Originally named the "Junior Museum", the facility was established in 1937 in an old city jail on what is now the campus of City College of San Francisco. In 1947, a $12 million bond was issued for the creation of recreation and park capital projects, one of which included a new museum. In 1951, the museum opened at its current location in a building designed by William Merchant with exhibits, a theater, classrooms, arts and crafts shops and studios, a live animal room and gardens overlooking the San Francisco Bay. The museum was formally dedicated by Mayor Elmer Robinson on September 23 of that year as the 'Josephine D. Randall Junior Museum' to honor its founder.

Josephine Randall first visited Corona Heights in 1928. Prior to its acquisition and use for the namesake museum, it had been used as a rock quarry until the 1906 San Francisco earthquake; kilns on the slope of the hill exploded and collapsed in the wake of the earthquake, and the quarries were subsequently abandoned.

===Renovations===
In 2003, the museum dedicated its Outdoor Learning Environment, which replaced a parking lot and driveway. The museum's director, Amy Dawson, characterized the prior structures as "an asphalt moat". Sculptures by Beniamino Bufano were temporarily moved to the Randall Museum from 2004 to 2006 while their permanent home, the Valencia Gardens housing project in The Mission, was demolished and rebuilt.

Plans were announced in 2013 for a $6 million makeover to double the space available for exhibits and programs, designed by Liz Ranieri of Kuth Ranieri Architects in a joint venture with Pfau Long Architecture.
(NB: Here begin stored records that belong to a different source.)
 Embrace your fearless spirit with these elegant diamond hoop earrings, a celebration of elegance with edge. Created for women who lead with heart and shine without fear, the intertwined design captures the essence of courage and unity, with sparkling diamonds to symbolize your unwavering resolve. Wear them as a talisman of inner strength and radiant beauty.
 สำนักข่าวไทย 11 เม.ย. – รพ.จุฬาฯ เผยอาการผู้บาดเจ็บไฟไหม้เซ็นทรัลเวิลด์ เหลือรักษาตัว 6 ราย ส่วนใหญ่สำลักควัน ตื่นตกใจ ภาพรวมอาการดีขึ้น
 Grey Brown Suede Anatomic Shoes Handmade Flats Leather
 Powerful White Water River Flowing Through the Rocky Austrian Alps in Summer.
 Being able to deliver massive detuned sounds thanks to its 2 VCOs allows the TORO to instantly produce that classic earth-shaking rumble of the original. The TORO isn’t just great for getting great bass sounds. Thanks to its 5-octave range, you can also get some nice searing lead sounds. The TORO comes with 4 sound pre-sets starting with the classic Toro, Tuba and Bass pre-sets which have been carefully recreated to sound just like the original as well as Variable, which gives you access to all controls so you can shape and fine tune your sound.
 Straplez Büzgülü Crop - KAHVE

The Corona Heights location closed on June 1, 2015, to implement the planned renovations. During renovations, the museum relocated its live animal exhibit and programs to 745 Treat Ave, between 20th and 21st Street, at the Mission Art Center.
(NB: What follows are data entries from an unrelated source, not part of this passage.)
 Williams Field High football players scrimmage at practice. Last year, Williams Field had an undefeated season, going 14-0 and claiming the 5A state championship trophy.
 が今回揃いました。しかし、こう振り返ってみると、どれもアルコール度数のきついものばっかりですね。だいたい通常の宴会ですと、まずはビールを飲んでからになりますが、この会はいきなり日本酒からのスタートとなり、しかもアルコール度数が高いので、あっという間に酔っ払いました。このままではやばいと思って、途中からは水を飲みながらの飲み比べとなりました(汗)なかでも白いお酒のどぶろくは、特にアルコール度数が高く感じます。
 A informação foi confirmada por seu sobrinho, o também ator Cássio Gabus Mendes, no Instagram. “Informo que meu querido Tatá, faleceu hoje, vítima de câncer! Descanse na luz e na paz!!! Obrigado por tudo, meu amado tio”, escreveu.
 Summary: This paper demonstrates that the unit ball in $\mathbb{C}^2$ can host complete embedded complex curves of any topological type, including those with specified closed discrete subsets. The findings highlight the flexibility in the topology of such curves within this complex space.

The museum held a grand reopening for the remodeled space on February 11, 2018. Mister G was scheduled to provide live music at the reopening.

==Name==
The Randall Museum takes its name from Josephine Dows Randall, a Stanford University master's degree graduate in zoology in 1913. After graduating she traveled to the Midwest and organized one of the first Girl Scout troops in the United States as well as one of the first Camp Fire Girls troops. When she returned to California she became the first Superintendent of Recreation for San Francisco's Recreation Department, creating the Junior Museum and bringing national recognition to the San Francisco Recreation & Parks Department for its outstanding services between the years 1926 and 1952. During her tenure as the San Francisco Recreation Department Superintendent she secured hundreds of acres of open space for playgrounds and consequently, sports and artistic programming for the children and families of San Francisco.

==Overview and features==
The museum charges no admission and offers events, workshops, plays, lectures, exhibits, and classes for ages 3–adult, but is geared mostly toward children and educational field trips. Child and adult classes are available in the wood shop, technology lab, art room and pottery studio. The museum has special topic days, such as Bug Day, Middle School Science Fair, Family Halloween Day and Winter Crafts Day, during which interested clubs and sponsors participate.
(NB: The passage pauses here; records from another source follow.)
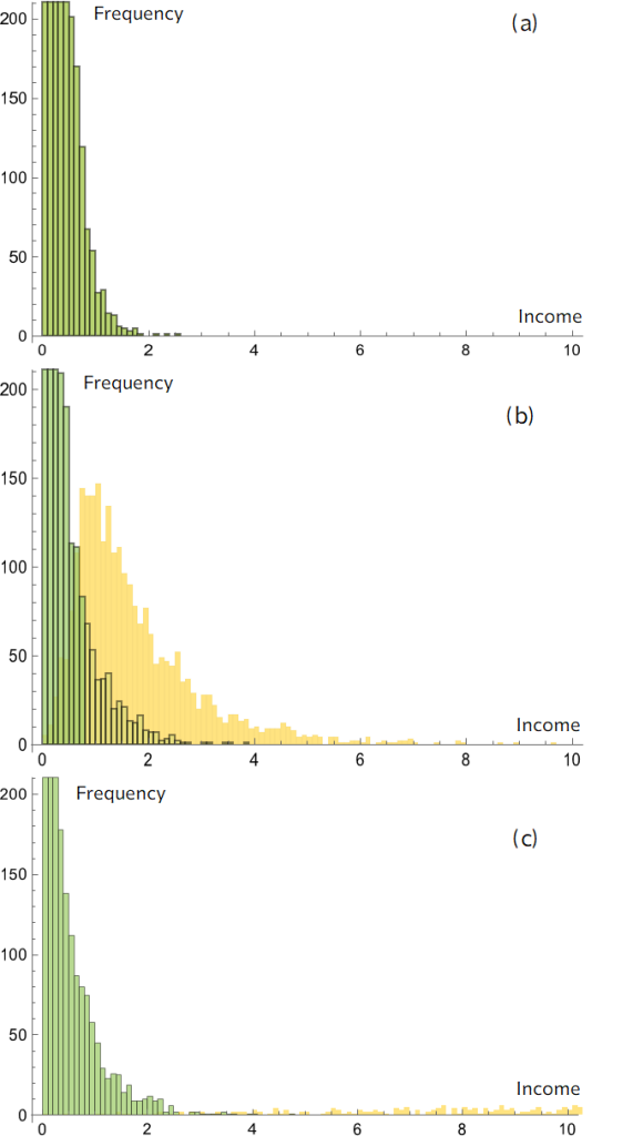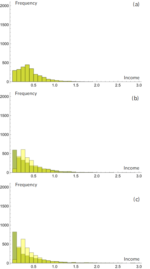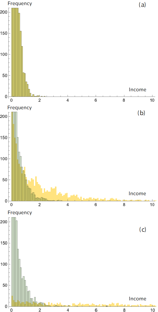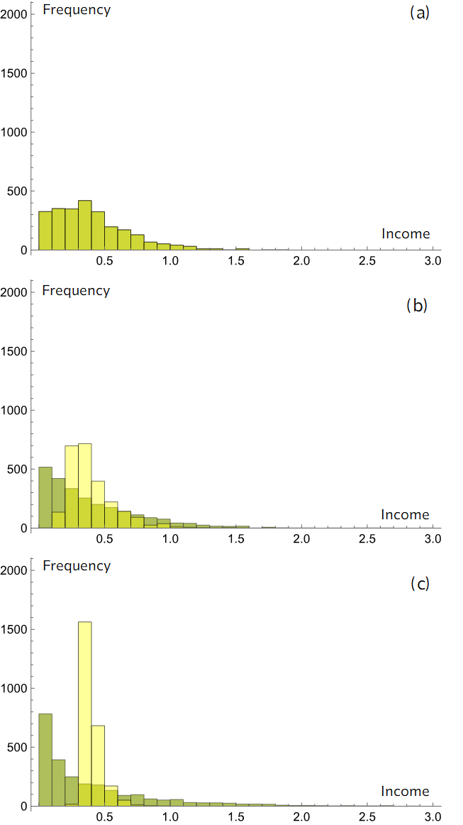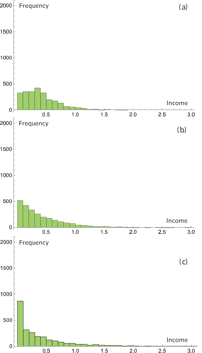 Figure 6. Income distribution changes under free market exchange assumptions: (a) initial, (b) after one exchange, and (c) after reaching equilibrium
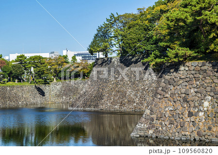 皇居 乾通り 乾濠越しの江戸城本丸の石垣【東京都千代田区】
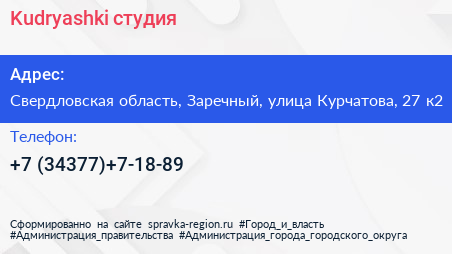 Kudryashki, студия по адресу Свердловская область, Заречный, улица Курчатова, 27 к2 в дальнейшем Организация, размещена в следующих категориях:
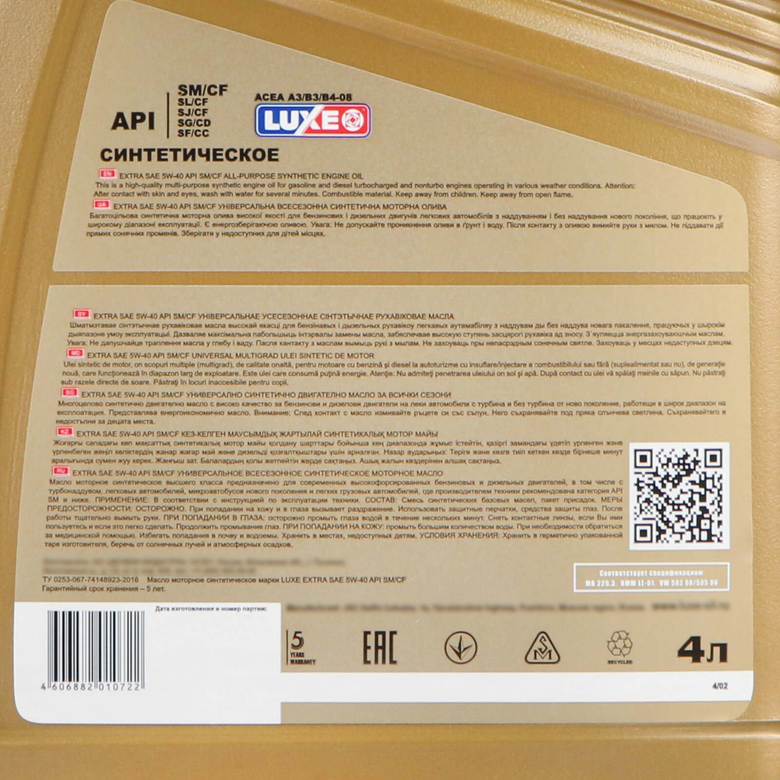Ниже Вы можете прочитать отзывы на Моторное масло LUXE EXTRA синтетическое, 5W40, SM/CF, 4 л 4, ознакомится с подробными характеристиками, посмотреть интересные обзоры и фотографии на Моторное масло LUXE EXTRA синтетическое, 5W40, SM/CF, 4 л 4.
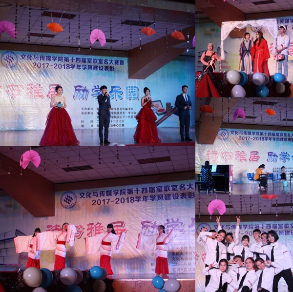 明亮清雅之室,同心同德之风。12月7日晚,1683168诸侯快讯官网第十四届“室歌室名”大赛暨2018年学风建设表彰活动于活动中心三楼顺利举行。校关工委顾问胡文良、学院总支书记白成良、副院长李芹燕、关工委委员蒋永平、各年级辅导员、生活老师以及17级、18级全体学生共同观看了本次活动。校学工部副部长赵锋、学生事务管理科科长胡在东、学生思想政治教育科科长何雯担任了此次比赛的评委。
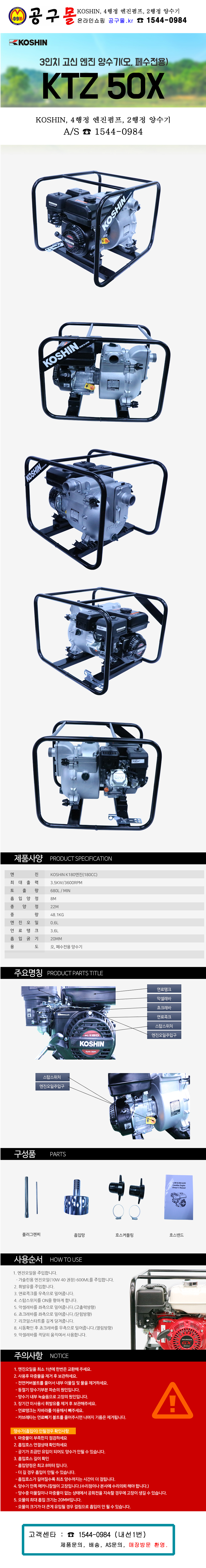 고신 엔진양수기(4행정) 오,페수전용, KTZ50X (2) 고신K180엔진(180CC), 흡입8m,무게48KG,출력3.5kw/3600rpm, 물펌프
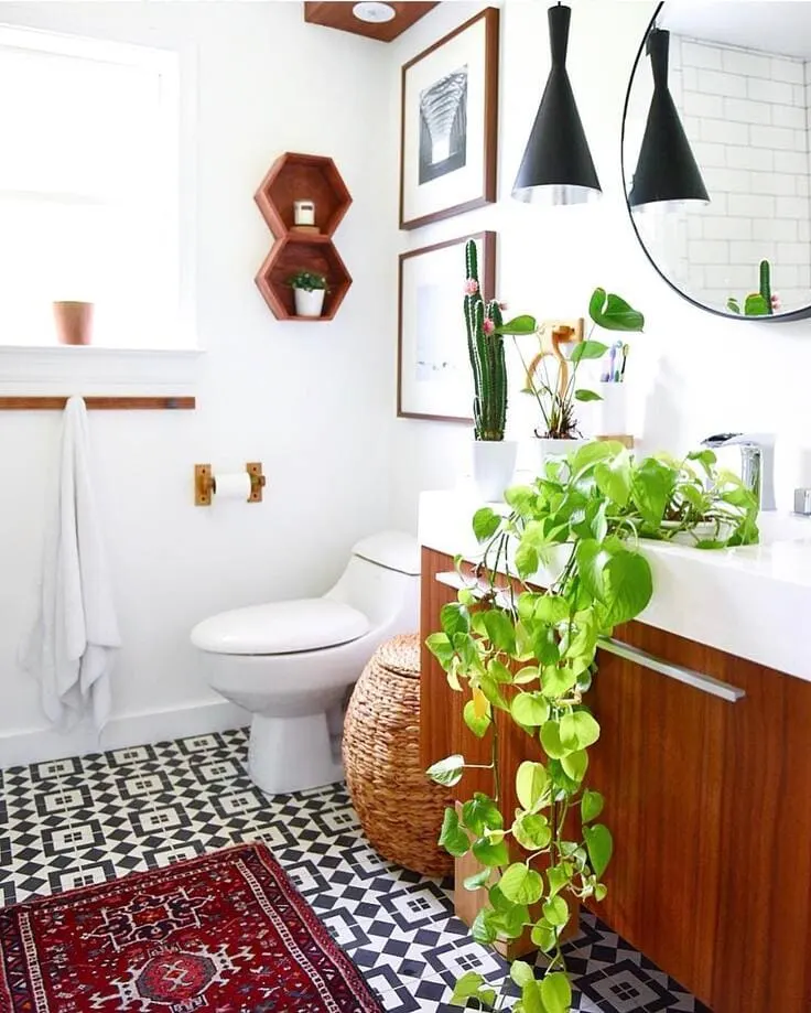 Even if you don’t have a green thumb, a pothos, snake plant, or peace lily will thrive in the humid bathroom environment.

The museum's theater is home to the performances of the Young People's Teen Musical Theatre Company, a Recreation and Parks Department program closely tied to the museum.

The Golden Gate Model Rail Road Club (GGMRC) has been a tenant in the west basement wing since 1961. Children run HO-scale trains around the layout on "Junior Engineer Day," held on the third Saturday of every odd month. Prior to the 2015–18 renovation, the total track length exceeded 600 ft.

Charles Sowers was commissioned by the San Francisco Arts Commission (SFAC) to create "Windswept", a kinetic sculpture installed on the facade of the Randall Museum in 2012. The piece took four years to create and test. During the 2015–18 renovation, artist Ben Trautman was commissioned by SFAC to create a mobile of a stylized bird entitled "Wingspan", which was installed in the lobby.